◆ **RECORDS TO USE**:
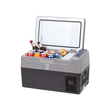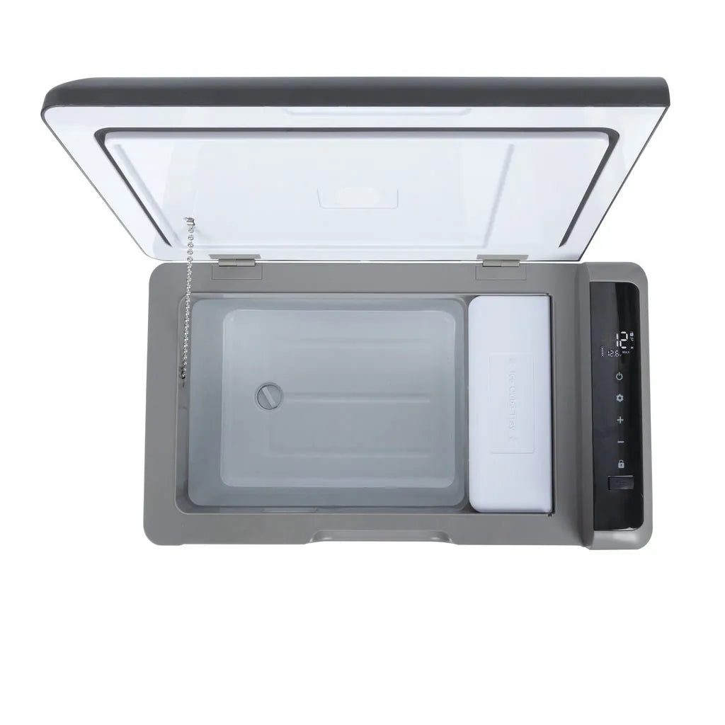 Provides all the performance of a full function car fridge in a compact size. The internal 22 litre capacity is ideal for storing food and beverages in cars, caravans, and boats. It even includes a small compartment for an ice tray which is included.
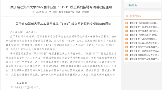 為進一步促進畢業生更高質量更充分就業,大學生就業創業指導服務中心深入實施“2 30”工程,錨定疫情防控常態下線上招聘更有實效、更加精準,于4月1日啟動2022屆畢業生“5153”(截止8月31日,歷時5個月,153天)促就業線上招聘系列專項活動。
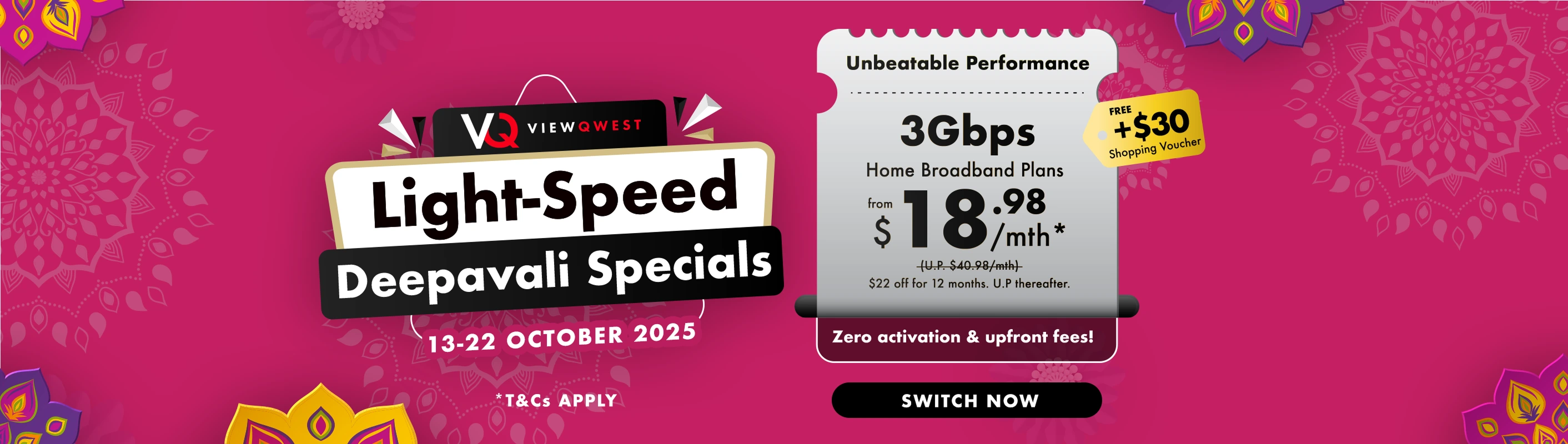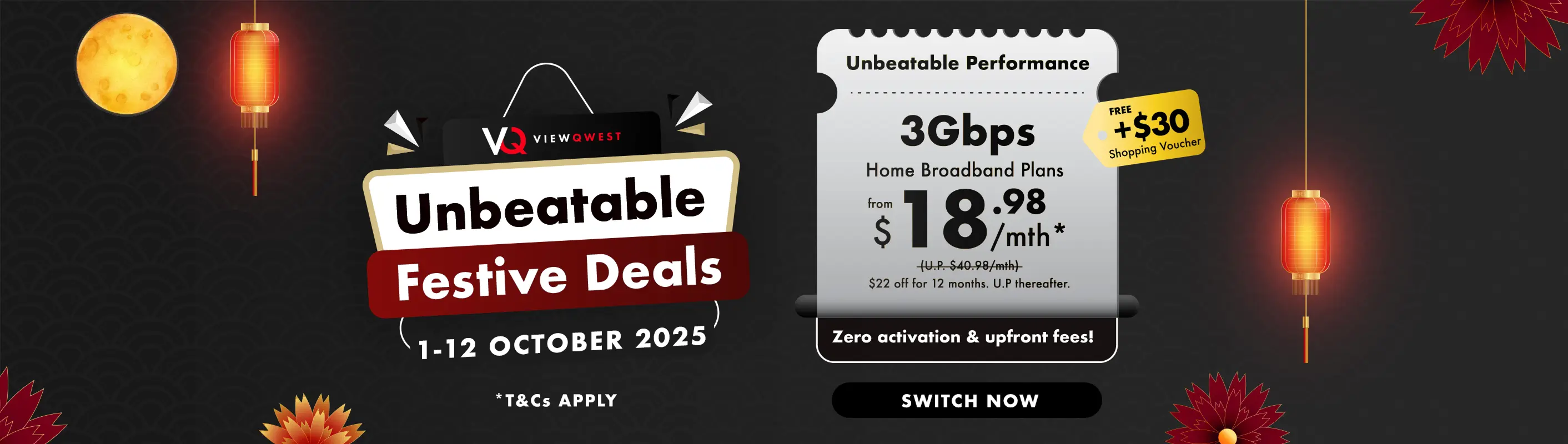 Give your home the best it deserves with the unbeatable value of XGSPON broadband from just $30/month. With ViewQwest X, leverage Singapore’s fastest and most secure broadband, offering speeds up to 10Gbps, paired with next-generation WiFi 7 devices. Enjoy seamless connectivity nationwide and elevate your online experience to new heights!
---
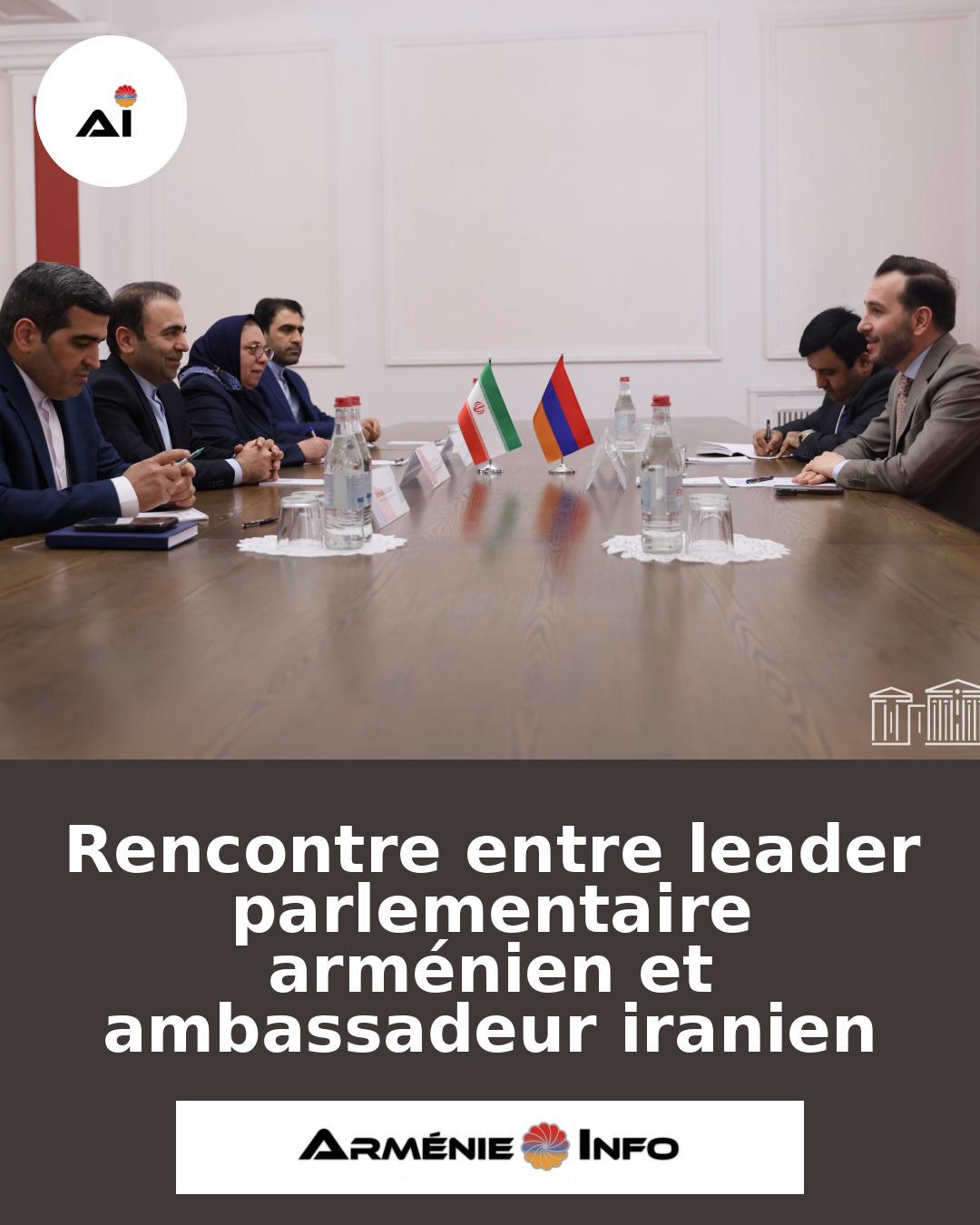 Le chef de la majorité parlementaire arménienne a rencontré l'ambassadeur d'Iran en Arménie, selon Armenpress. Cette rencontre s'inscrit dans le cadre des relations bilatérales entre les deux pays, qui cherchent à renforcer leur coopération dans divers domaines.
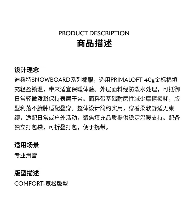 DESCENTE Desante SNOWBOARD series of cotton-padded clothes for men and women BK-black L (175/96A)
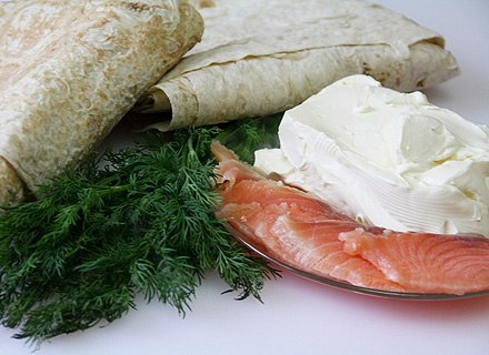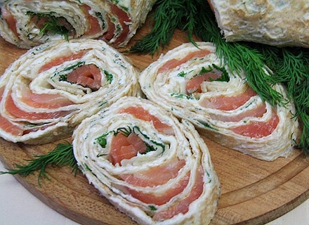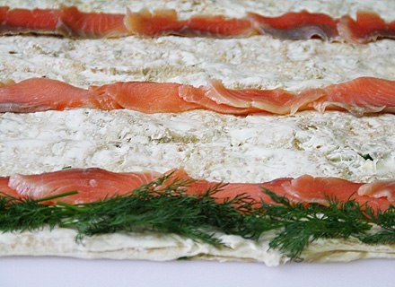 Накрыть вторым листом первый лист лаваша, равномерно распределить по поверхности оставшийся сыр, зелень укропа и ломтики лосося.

◆ **WHAT IS NEEDED**: Using the data above, retype exactly and only the lines from the one containing "Provides all the" up to and including the one containing "Give your home", with no pictures carried over.

◆ **EXERCISE RESULT**:
 Provides all the performance of a full function car fridge in a compact size. The internal 22 litre capacity is ideal for storing food and beverages in cars, caravans, and boats. It even includes a small compartment for an ice tray which is included.
 為進一步促進畢業生更高質量更充分就業,大學生就業創業指導服務中心深入實施“2 30”工程,錨定疫情防控常態下線上招聘更有實效、更加精準,于4月1日啟動2022屆畢業生“5153”(截止8月31日,歷時5個月,153天)促就業線上招聘系列專項活動。
 Give your home the best it deserves with the unbeatable value of XGSPON broadband from just $30/month. With ViewQwest X, leverage Singapore’s fastest and most secure broadband, offering speeds up to 10Gbps, paired with next-generation WiFi 7 devices. Enjoy seamless connectivity nationwide and elevate your online experience to new heights!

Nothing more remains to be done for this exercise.